As you can see, the idea is that in order to generate a uniformly integer random number between [a, b], it first finds a power of two larger than b-a, then generates a random number modulo this power of two, and then uses rejection sampling: if the value obtained from the sampling is larger than b-a, then resample.

But in the code tested earlier, the size of the interval is a power of two, so rounding up to a power of two is equivalent to a 50% probability of needing to retry each sample. That’s a lot of regenerating random numbers, and a high branch prediction error rate.

The data obtained by @Harry-Chen using perf testing is as follows.

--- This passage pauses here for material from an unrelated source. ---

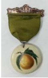
Peach Day Pin (1990.14.1)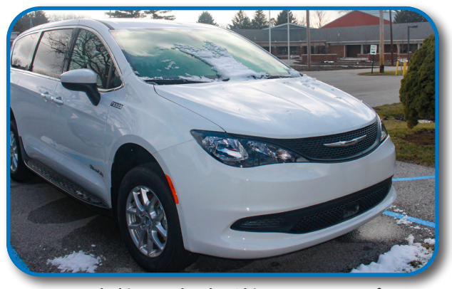
Funded in part by the Ohio Department of Transportation, the new vehicle offers foldable seats and ramp entry making it ideal for a variety of passengers.

In addition to Committee participation, Luther Home continues to utilize resources from the Ohio Department of Transportation Specialized Transportation Program. Since the early 2000's, Program funding has offered significant assistance to LHM for the purchase of multiple campus buses and vehicles. Recently, Luther Home was awarded a brand new minivan to be used for resident outings. We look forward to expanding opportunities for shopping trips, dinner out and a chance to go to the movies. Though there is still much work to do, we are thankful for these valued partnerships that help our residents ride in style!

  • branch-misses: 30% of all branches
  • Top-down: 44.6% Bad Speculation

suggests that branch prediction is indeed becoming a bottleneck. So how is libstdc++ implemented and why doesn’t it have this problem? After searching, I found a blog: Doubling the speed of std::uniform_int_distribution in the GNU C++ library (libstdc++).

The paper Fast Random Integer Generation in an Interval proposes a new implementation of uniform_int_distribution, with twice the performance improvement over the original implementation, and merges it into the libstdc++ implementation.

So here, the problem is clearer: libstdc++ implements a better algorithm, while libc++’s algorithm encounters the worst case, and the two together observe a huge performance gap.

If DATA_R is changed to (1 << 23)-1 in the code, the probability of sampling failure of the libc++ algorithm is minimised, at which point the performance is:

  • GCC-13 Homebrew: 253
  • Apple Clang: 490

You can see that there is a roughly twofold performance gap here, which comes from the better sampling algorithm implemented in libstdc++.

The solution is to wait for libc++ to implement a better algorithm, or to avoid linking to libc++ when you need to use uniform_int_distribution, or to implement a better algorithm yourself.